New Refrigerator 1991-94
Antonio Lopez Garcia
(via Berkshire Fine Arts)
Detail of Daughters of Edward D. Boit
John Singer Sargent (via Daily Blague)
Most artists seem to accomplish the same idea with other studies beforehand or during the painting. The best example I have of this can be seen in a 2005 Jenny Saville monograph.

The book has always been one of my favorite monographs because the layout shows her paintings and then via various super-close ups and studio shots shows all the other material and investigating that goes into a single painting.

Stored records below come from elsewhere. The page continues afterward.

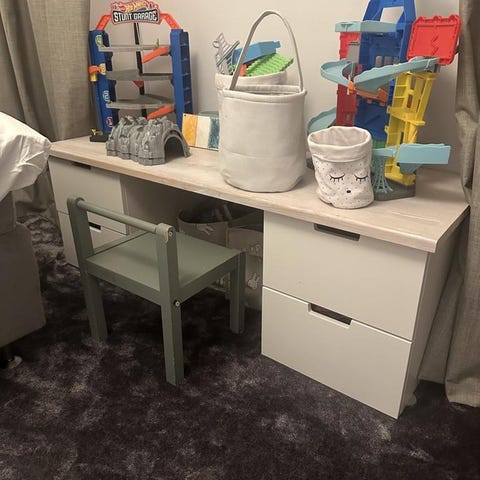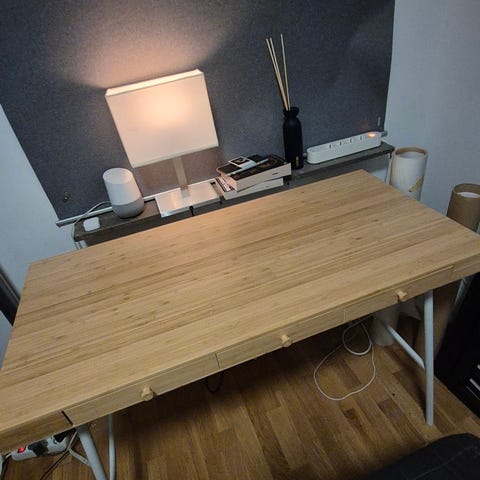 Skrivbordet är inköpt från Länna Möbler våren 2022 och passar in på de flesta ställen. Lite stött här och där men ett vackert bord som med lite kärlek kan bli som nytt eller för den som också har barn som behöver ett skrivbord som är okej att det är mindre skadad.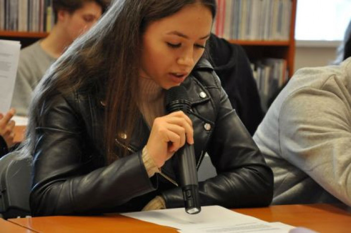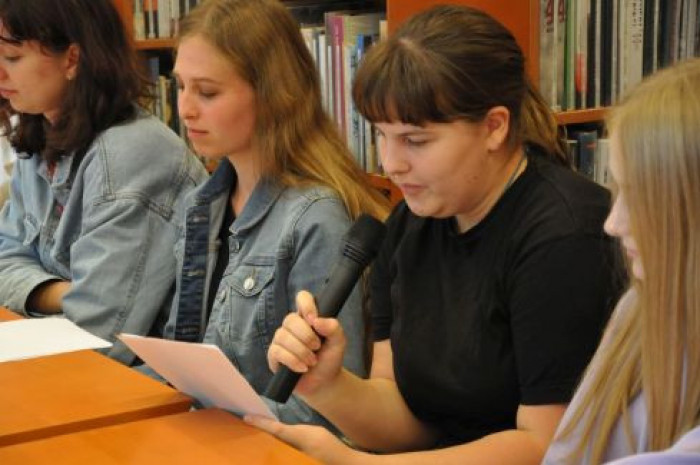 Cztery licealistki siedzą w rzędzie przy stole, jedna trzema mikrofon i czyta z kartki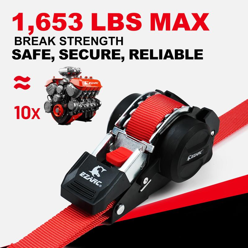 ยท1653 LBS MAX BREAK STRENGTHย - Engineered with ultra-strong polyester webbing and reinforced stitching to handle your heaviest loads safely and securely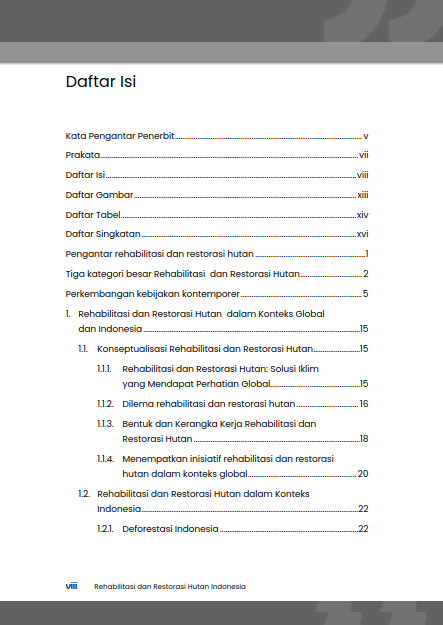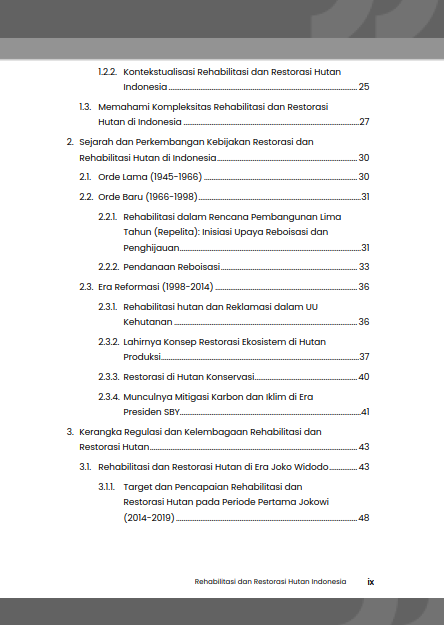 E-Book Rehabilitasi Dan Restorasi Hutan Indonesia: Dilema Lahan, Solusi Iklim, Dan Optimalisasi Kebijakan Kehutanan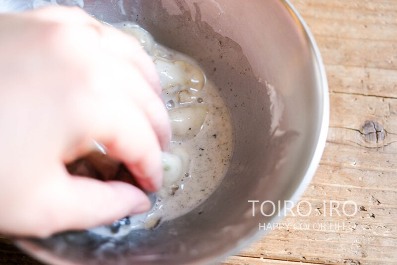 少し水を加えて優しく洗うと、

What successfully articulated spots there were in Red Dresses were a result of early gridding and laying out decisions. One example is the woman holding the child in a blue dress downwards to the young girl facing the same direction. I gridded the image and then laid out simple dark and lights. The spare marks remaining reveal an underpainting for something else entirely. I'm reminded of the young girls doll painted with just a handful of decisive strokes in John Singer Sargent's Daughters of Edward D. Boit.



Another example is of the space between the girl's arm who wears a pink dress. The scratchy and thick colors were decisive but simple enough to articulate the change in light.

But while there are lots of quick successes in Red Dresses, what those really convinced me of was that I should be working with more studies, more time and more focus.

The highlighted details of the painting show me that I'm sometimes unable to see the forest through the trees and that when I am able to steady myself and be decisive about my choices, my quick habits could articulate even more.